Now this is disastrous in practice from a creative standpoint because if you're watching a movie, cutting from a dark indoor nighttime bedroom scene to a sunny outdoor party scene is going to hurt your eyes. It's too jarring. Movies and TV generally don't want a real-life range of brightness. Not to mention, of course, that we don't have display technologies that can achieve it anyways, or even anything close to it.

So what are TV shows and movies doing? As far as I can tell, they're essentially filming and color-correcting in SDR as they've always done, and then using some totally arbitrary formula to convert that to HDR for HDR mastering. Bright sunlight scenes are never encoded as actual sunlight brightness (thank god), the relative difference between a nighttime bedroom scene and a bright outdoor scene in HDR is the same as it is in SDR (again, thank god). The only HDR "special features" seem to be that things like VFX lightsabers, explosions, sparks, and so forth get extra-boosted brightness in HDR.

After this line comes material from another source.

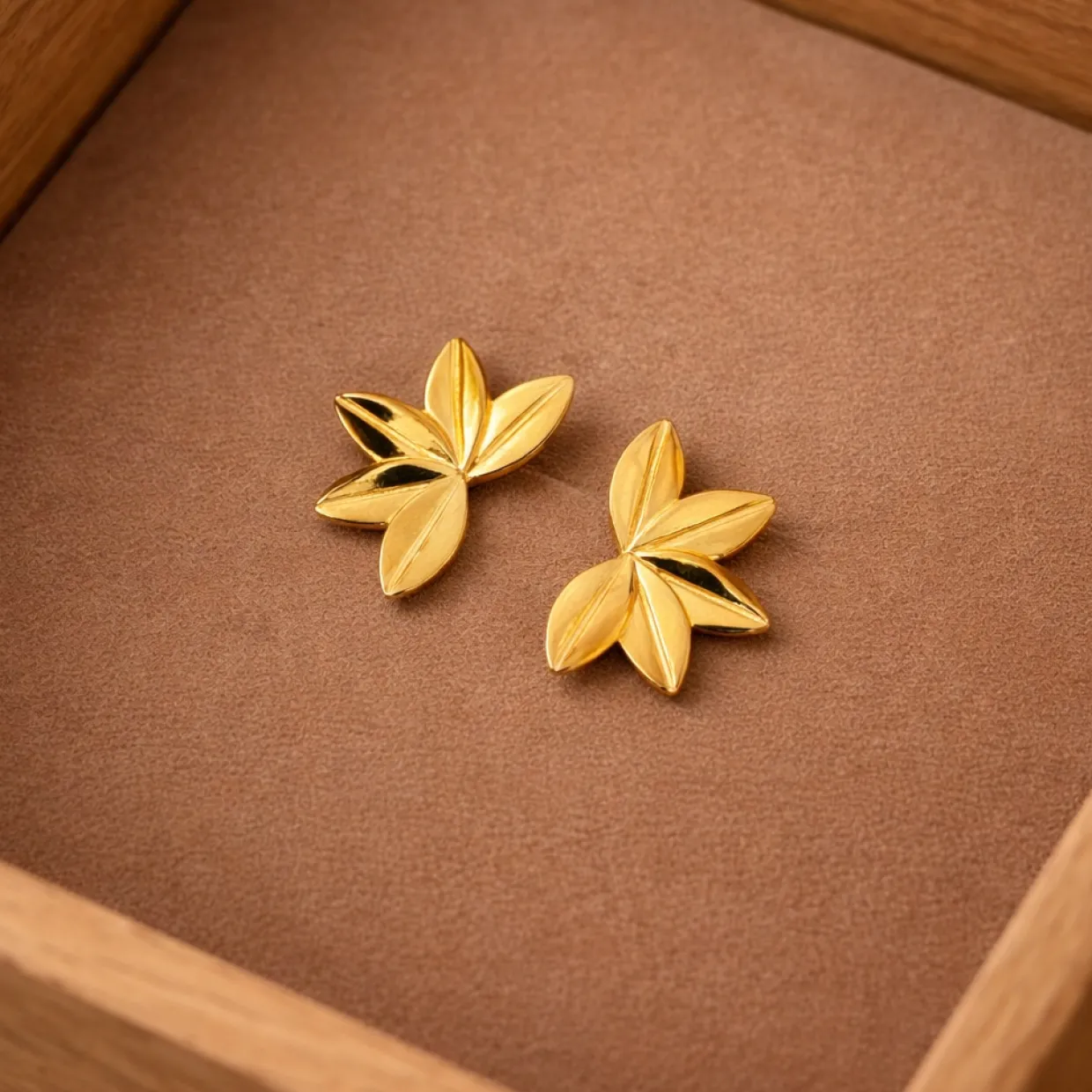 Det delikate blad-design giver øreringene et let og organisk udtryk, mens den varme forgyldning fremhæver detaljerne og skaber en luksuriøs glød. Ørestikkerne er diskrete nok til hverdag, men tilføjer alligevel et elegant blikfang, der løfter ethvert outfit.

Now back to the video players on Macs: because there is no official recommendation of how to translate HDR to real screens that have traditionally only shown SDR content (e.g. a Macbook display), they all do it differently. Which sucks. Not only are they all playing HDR content badly, there isn't even a right way to do it. We're lost in the desert.

What's the solution? Somebody needs to contact Hollywood to figure out what the de-facto translation is that they're using when they release SDR and HDR versions of the same content, and then just run the formula backwards so playing my TV show that's HDR-mastered looks identical to the SDR source they also put out. (At least for regular scenes, both nighttime bedroom and outdoor party. The VFX things like lightsabers and explosions might get washed out to bright white but that's far preferable to the other 99% of the content being too dark.)